The opinion of the court was delivered by: Tucker, J.

MEMORANDUM

April __, 2012

Presently before the Court is Defendant Antec Inc.'s Motion for Judgment as a Matter of Law of Invalidity (Doc. 174), Defendant's Renewed Motion for Judgment as a Matter of Law, or, in the Alternative, New Trial (Docs. 187, 188), Plaintiff's Response (Doc. 199), Defendant's Reply (Doc. 201), Plaintiff's Sur-Reply (Doc. 204), and all accompanying briefs and relevant correspondence. For the reasons set forth below, Defendant's Motion is GRANTED.

BACKGROUND

Plaintiff, Comaper Corporation ("Comaper"), co-owned by William Corcoran ("Corcoran") and Gary Smith ("Smith"), owns United States Patent No. 5,955,955 ("'955 patent"), which claims a cooling device which mounts within the drive bay region of a computer. The application for the '955 patent was filed by Corcoran and Smith on December 6, 1994. Subsequently, on May 20, 2004, the '955 patent for the drive-bay mounted cooling device was assigned to Corcoran and Smith. The '955 patent, in its Abstract, describes the device as follows:

"A cooling device...for a computer having a drive bay region with at least one drive bay adapted to receive a drive. The device comprises a case configured to mount within the drive bay of the computer having at least a first and at least a second opening. When mounted within the drive bay, the first opening is exposed to ambient air about the computer and the second opening is disposed within the drive bay region of the computer. The device also comprises at least one air movement device mounted within the case. The air movement device is configured in one of two ways. In a first way, it draws cooling air through the first opening and exhausts substantially all of the cooling air though the second opening into the drive bay region. In a second way, the air movement device draws air through the second opening from the drive bay region and exhausts it through the first opening. A mechanism for supplying power to the air movement device is also provided." '955 patent, p. 1, Abstract.

Defendant, Antec, Inc. ("Antec"), manufactures computer accessories sold under the names "Hard Disk Cooling System with Temperature Monitors, "HD Cooler," and "Hard Disk Drive Cooler," (collectively "the Accused Devices"). On March 8, 2005, Comaper filed suit in this Court against Antec, alleging that Antec infringed the '955 patent with its Accused Devices. Antec counterclaimed that the '955 patent was invalid, unenforceable, and was not infringed by Antec. (Doc. 7.)

On July 17, 2006, pursuant to Markman v. Westview, Inc., 517 U.S. 370 (1996), this Court conducted a Markman hearing to determine the meaning of disputed terms in the '955 patent.

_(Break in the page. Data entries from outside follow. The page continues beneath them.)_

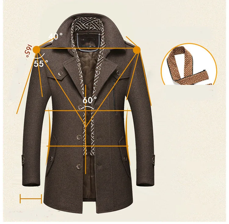 Wholesale customized over coat new styles hot sale long black plus size trench waist coat for men
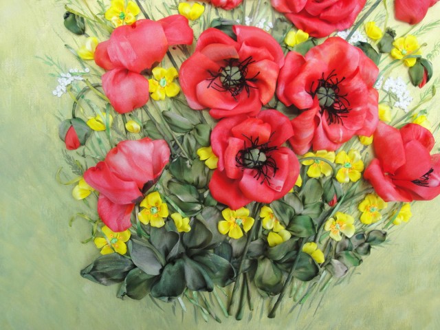Ваш букет, Людмила, это образец вышивки маков в разных ракурсах! Это наглядное пособие для вышивальщиц лентами!
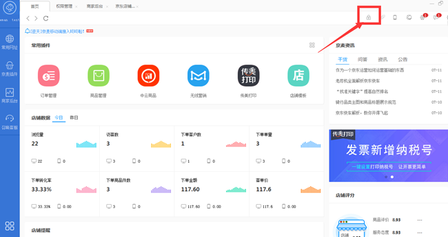 a.打開(kāi)PC客戶端后點(diǎn)擊右上角的鎖形圖標(biāo)“權(quán)限管理”。注:同一子賬號(hào)京麥權(quán)限與商家后臺(tái)權(quán)限需分開(kāi)設(shè)置,僅有主賬號(hào)可設(shè)置權(quán)限。
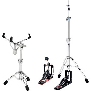 Part of DW's 5000 Series, the DWCP5000PK2 3-piece hardware pack includes the celebrated Accelerator series bass drum pedal, an easy-to-position, 2-leg rotating hi-hat stand and a memory lock-equipped snare drum stand. This is a gig-tough package for professional drummers that struts a lot of cool, player-friendly features, such as a two-way beater and a rubber-grip base (5000AD4), a fine-tooth tilter (5300) and a spring-release footboard (5500TD). 5000AD4 Dual-Chain-Drive Bass Drum Pedal The 5000 series Accelerator cam delivers formidable velocity, yet also maintains dynamic sensitivity for precise kick strokes. A twin advantage of a double-chain drive and a dual-spring rocker work to ensure smooth and responsive playability for all styles and techniques. Like to punch and pummel for explosive bass-drum patterns? The 5000AD4's rubber base will keep the pedal—and kick drum—firmly in place. No matter what type of bass drum like to use, the 5000AD4's tri-pivot toe clamp fastens securely to almost any drum hoop. 5500TD 2-Leg Rotating Hi-hat Stand The two-leg design of the 5500TD leaves room for double-bass drum pedals, but even if use a single pedal, the rotatable legs can swivel into almost any position want for comfort and ease of set up. Integrated memory locks guarantee a precise setup gig after gig, and a spring-release footboard folds up for worry-free transport. If want to change the angle of the bottom hi-hat cymbal, the 5500TD's lateral seat adjustment makes it a snap—even during a performance. 5300 Offset Snare Drum Stand The 5300's offset design is just the thing for getting snare positioned right where want it, and integrated tube-joint memory locks retain preferred setup every time. If ’re picky about the angle of snare head, the fine-tooth tilter allows exacting snare drum adjustments to suit any technique. ’ll never have to worry about perfect positioning becoming undone by forceful playing, because the super stable, double-braced 1-1/8" tripod base guards against tipping and creeping.

On September 13, 2006, the Court construed the disputed terms by ordering the following definitions:

1. "Case" shall mean a structure for containing and holding something;

2. "Drive Bay Slot" shall mean the relatively narrow opening in the housing of the computer that leads to the drive bay;

3. "Second Opening" shall mean a separate opening that is exposed to the drive bay region; and

4. "Case occupies substantially the entire drive bay slot" shall mean, when installed, the case occupies almost entirely the slot leading to the drive bay.

After completion of a five day trial, on October 10, 2007, the jury returned a Special Verdict, finding that Antec willfully infringed claims 1, 2, 7, 12, and 13 of the '955 patent. Comaper Corp. v. Antec, Inc., No. 05-CV-1103, 2008 WL 4140384, at *2 (E.D. Pa. Sept. 8, 2008) ("JMOL Order"). Additionally, the jury concluded that the prior art devices submitted by Antec "were in public use, offered for sale, or described in publications more than one year prior to the application for the '955 patent." Id. However, on appeal, the Federal Circuit found the Special Verdict to be inconsistent, due to the fact that the jury concluded that the asserted claims of the '955 patent were not anticipated, claims 1 and 12 were not obvious, but that dependent claims 2, 7, and 13, were invalid as obvious.

As a result, the Federal Circuit affirmed in part, vacated in part, and remanded the matter to this Court for a new trial on the issue of validity concerning the inconsistent findings of the Special Verdict. Comaper Corp. v. Antec, Inc., 596 F.3d 1343 (Fed. Cir. 2010). Additionally, on appeal, the Federal Circuit affirmed all of the Court's Markman hearing definitions.

Upon completion of the retrial, held in this Court from January 10, 2011 through January 21, 2011, the jury found that independent claims 1 and 12 of the '955 patent were valid. During the retrial, Plaintiff withdrew dependent claims 2, 7, and 13 from the charge.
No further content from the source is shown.